（TOJ1192）A + B Problem II

描述

I have a very simple problem for you. Given two integers A and B, your job is to calculate the Sum of A + B.

输入

The first line of the input contains an integer T(1<=T<=20) which means the number of test cases. Then T lines follow, each line consists of two positive integers, A and B. Notice that the integers are very large, that means you should not process them by using 32-bit integer. You may assume the length of each integer will not exceed 1000.

输出

For each test case, you should output two lines. The first line is "Case #:", # means the number of the test case. The second line is the an equation "A + B = Sum", Sum means the result of A + B. Note there are some spaces int the equation.
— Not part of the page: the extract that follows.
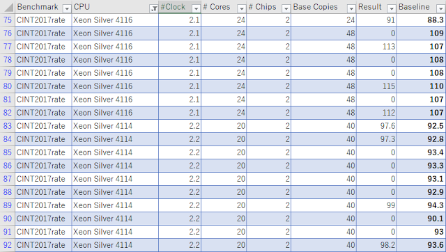 ダウンロードした CSV を開くと以下の様なフォーマットとなり、私はこれを整形して、CPU のモデル、動作クロック数、コア数、ソケット数 と Baseline スコアを整理して比較の元としています。
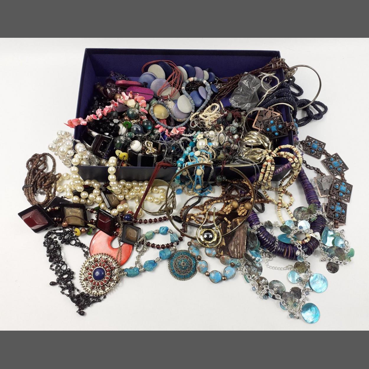 A mixed lot of costume jewellery to include bangles, necklaces and brooches

Output a blank line between two test cases.

样例输入

2
1 2
112233445566778899 998877665544332211

样例输出

Case 1:
1 + 2 = 3

Case 2:
112233445566778899 + 998877665544332211 = 1111111111111111110

#include<stdio.h>
#include<string.h>
#include<ctype.h>
#include<math.h>

char a[1001],b[1001];

void deal(char *s1, char *s2)
{
    int len1,len2,i,t,flag;
    char *p,*q;
    int c[1003]={0};
    len1=strlen(s1); len2=strlen(s2);
    i=t=flag=0;
    printf("%s + ",a);
    printf("%s = ",b);
    p=strrev(s1);
    q=strrev(s2);
    while(*p || *q){
        if(*p) t+=*p-'0';
        if(*q) t+=*q-'0';
        t+=flag;
        if(t>=10){t=t%10; c[i++]=t; flag=1;}
        else {c[i++]=t; flag=0;}
        p++; q++;
        t=0;
    }
    if(flag) c[i]+=1;
    else i--;

    for(; i>=0; i--){
        printf("%d",c[i]);
    }
}

void solve()
{
    int i,n,t;
    i=1;
    scanf("%d",&n);
    t=n;
    getchar();
    while(n--){
        scanf("%s",a);  scanf("%s",b);
        printf("Case %d:\n",i);
        deal(a,b);
        if(i!=t) printf("\n\n");
        else printf("\n");
        i++;
        memset(a,'\0',strlen(a)*sizeof(char));
        memset(b,'\0',strlen(b)*sizeof(char));
    }
}

int main()
{
    solve();
    return 0;
}